Her stomach lurched suddenly, and she pulled to the side of the road and was sick.

G
arden City was a neat little blue-collar suburb of small houses and big trees. She drove slowly down the narrow streets, crisscrossing Hennipen until she gathered the courage to turn onto the street.

It was a tiny green cement-block house nestled beside a towering hemlock tree. A swing set and colored plastic toys littered the yard, which surprised Ava, because it meant some of his children were young. She sat for a long time staring at the house, trying to work up the courage to knock on the door.

While she sat waiting, the door opened and a large heavyset woman stepped out onto the stoop, eyeing Ava suspiciously. The two stared at each other for a brief moment and then Ava looked away, pulled slowly into the street, and, without a backward glance, drove away without ever having met her father.

T
he day after their trip to Longford, Will showed up for Toddy Time with a bouquet of wildflowers. Ava was in her room, sitting at her desk overlooking the garden. She had spent the day reading through the Longford plantation journals, an occupation she found much more agreeable than working on the outline for her novel. She was beginning to understand that daydreaming about writing a novel and actually writing it were two very different things.

He tapped lightly on the door and when she said, “Come in,” thinking it was one of the aunts come to check on her, he opened the door and stepped inside.

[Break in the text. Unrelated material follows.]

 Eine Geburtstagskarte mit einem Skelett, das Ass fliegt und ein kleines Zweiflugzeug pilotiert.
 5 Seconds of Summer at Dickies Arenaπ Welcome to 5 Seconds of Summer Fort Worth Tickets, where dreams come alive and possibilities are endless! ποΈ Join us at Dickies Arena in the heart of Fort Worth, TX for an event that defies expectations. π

“For you,” he said. He had already put the flowers in a vase and he set it down on the nearest dresser. He seemed jovial and relaxed, and Ava was glad to see that whatever trouble had passed between them yesterday seemed to have been forgotten. She stood, going over to the mirrored armoire to check her appearance.

“You look pretty,” he said.

“Do I?”

“Yes.”

He clasped her wrist, delicately yet exactingly, as if preparing to sweep her into a dance.

She said, “Behave.”

He kissed her lightly and let her go. She ran her fingers through her hair until it stood up in short curling tufts around her face. He sat on the edge of the bed watching her with such a look of frank admiration and respect that Ava averted her eyes in embarrassment. It wasn’t in her nature to be so openly amazed and worshipful.

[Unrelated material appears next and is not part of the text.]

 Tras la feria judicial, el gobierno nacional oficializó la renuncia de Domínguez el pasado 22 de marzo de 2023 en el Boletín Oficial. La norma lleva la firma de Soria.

“I came to remind you that today you meet my cousin Fraser, Alice’s son.”

“He’s the one who dresses like Edgar Allan Poe?”

“Right.”

She smirked, and was rewarded by a faint flush of color in his face. “And why does he dress like a dead poet?” she asked innocently.

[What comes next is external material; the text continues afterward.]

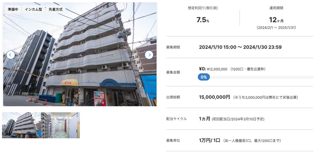 明治株式会社が運営する不動産クラウドファンディング「くじらファンディング」は、2024年1月10日より、くじら5号の販売と合わせて、出資額に応じたキャッシュバックキャンペーンを開始いたします。

“It started in college. He was asked to join the Raven Society up at UVA. They’re the ones who keep Poe’s room as it was when he was there, who leave a glass of cognac and three roses out every year on his birthday. It’s really a big deal to be asked to join. It’s one of the oldest societies on campus, and Fraser picked up his interest in Poe while there. Plus he double majored in history and drama.”

“That would explain it.”

His manner was casual, complacent. He acted as if nothing had happened between them yesterday, which she found somewhat jarring. She had the impression that she should not mention it at all. So much of what happened down here seemed to pass beneath the surface: thoughts, desires, hurts trolling like icebergs beneath a placid sea. She wondered if she had the subtlety for it.

“There’ll be a crowd today,” he said. “In addition to Fraser, several of the neighbors are invited round for drinks.”

“More cocktails?” she said. “Good God, they don’t drink every day, do they?”

“Every day but Sunday.”

“How is it they’re not all alcoholics?”

“They drink less than you might think. And I’ve never seen any of them drunk. It’s a generational thing, a social ritual, like the English drinking tea.”

“Right. Eighty proof tea.”

“How’s the work coming along?”

“It’s not, I’m afraid.”

He looked around the room, mildly alarmed. “They haven’t been bothering you, have they?”

“Who?” She stared at him in the mirror. “The aunts?”

“They promised to leave you alone to write.”

“They’ve been lovely. No noise. No interruptions. They left breakfast on the stove with a note, and lunch was chicken salad on the verandah, just the four of us.”